SUPPLIED INFORMATION section start

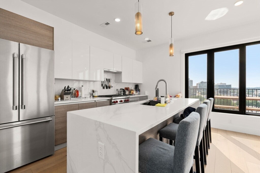 30 Penn is a luxury building completed in 2023. This spacious 2 Bed,2 Bath Penthouse has a preferred layout,stunning outdoor space and many upgrades. The west-facing private terrace extends the living area and provides beautiful sunset views of Boston and Cambridge. The open kitchen area features Thermador and Wolf appliances,a large main island with waterfall quartz countertops,and wine fridge. The primary bedroom includes a walk-in closet,ensuite shower,dual vanity sinks,and backlit LED mirrors. Enjoy European oak floors throughout,recessed lighting,in-unit W/D,NEST,integrated Sonos audio,high-efficiency central heat/AC,and an on-demand hot water tank. Amenities include garage parking,a fitness area,bike storage,pet spa,and residents lounge. Close to Boston Landing,Allston Yards,local restaurants,shops,the Charles River,Harvard,Boston University,and the MBTA train station. Move-in fee only first month and security. Delivered furnished or unfurnished. MLS# 73487055
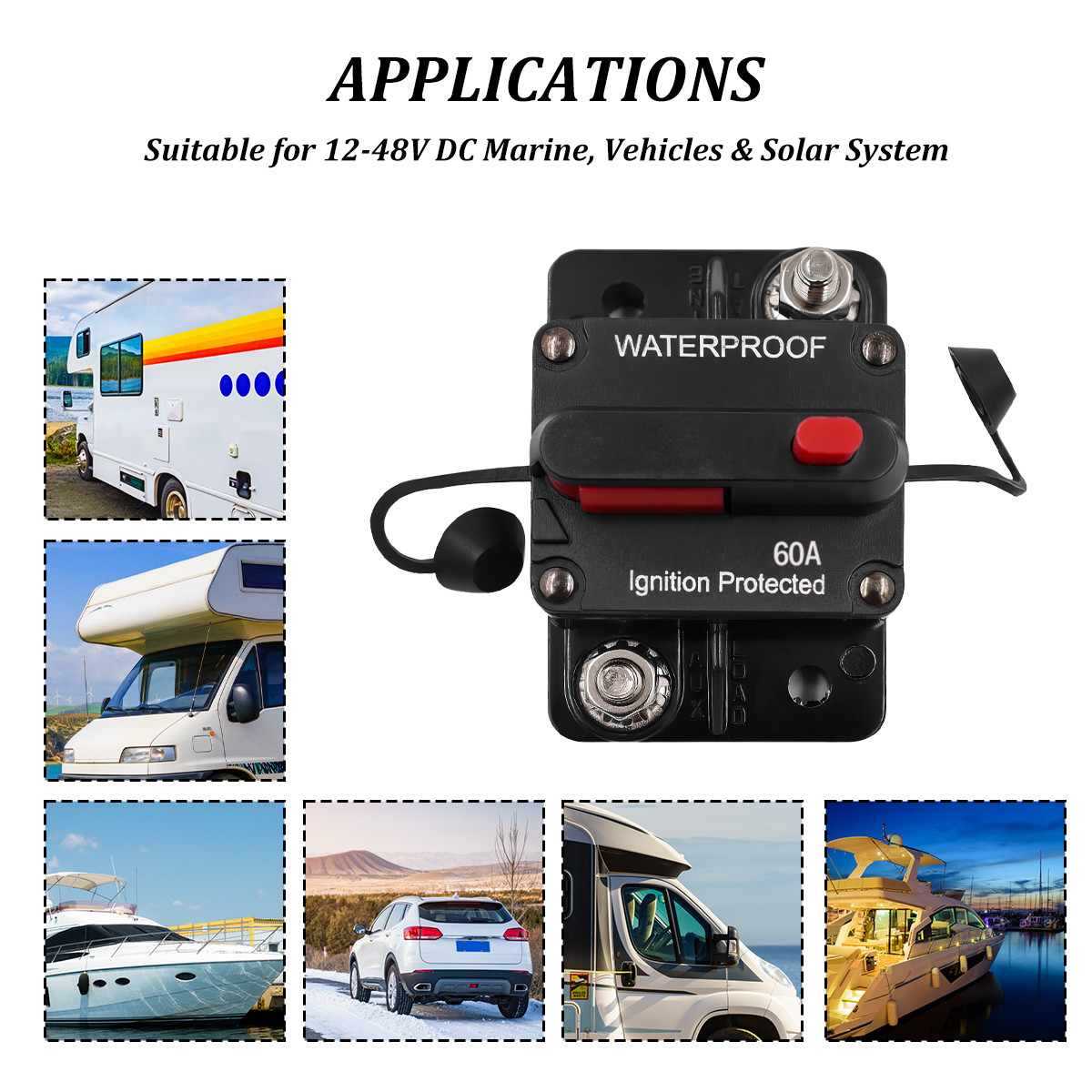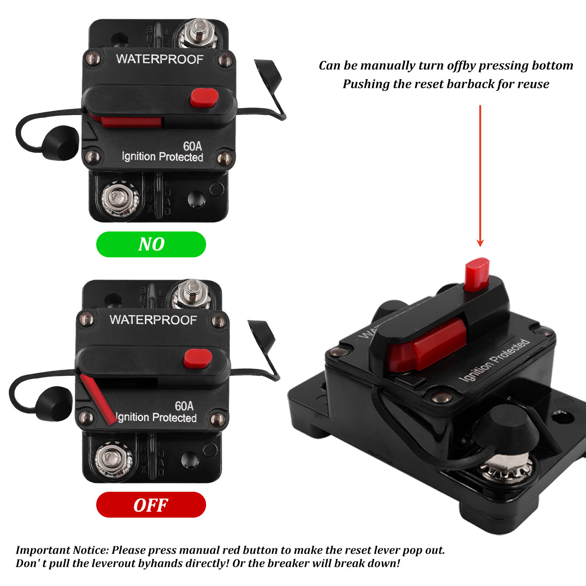 60A AMP Circuit Breaker Fuse Reset 12V-48V DC Car Boat Marine Auto Waterproof US
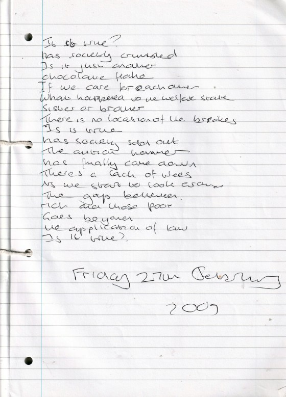 I Was Not Sure – Written Thursday 26th February 2009 (Aged 34)

SUPPLIED INFORMATION section end

■ AIM OF THE TASK: The finished copy should match the data above word for word and contain no pictures.

■ RESULT FOR THIS TASK:
 30 Penn is a luxury building completed in 2023. This spacious 2 Bed,2 Bath Penthouse has a preferred layout,stunning outdoor space and many upgrades. The west-facing private terrace extends the living area and provides beautiful sunset views of Boston and Cambridge. The open kitchen area features Thermador and Wolf appliances,a large main island with waterfall quartz countertops,and wine fridge. The primary bedroom includes a walk-in closet,ensuite shower,dual vanity sinks,and backlit LED mirrors. Enjoy European oak floors throughout,recessed lighting,in-unit W/D,NEST,integrated Sonos audio,high-efficiency central heat/AC,and an on-demand hot water tank. Amenities include garage parking,a fitness area,bike storage,pet spa,and residents lounge. Close to Boston Landing,Allston Yards,local restaurants,shops,the Charles River,Harvard,Boston University,and the MBTA train station. Move-in fee only first month and security. Delivered furnished or unfurnished. MLS# 73487055
 60A AMP Circuit Breaker Fuse Reset 12V-48V DC Car Boat Marine Auto Waterproof US
 I Was Not Sure – Written Thursday 26th February 2009 (Aged 34)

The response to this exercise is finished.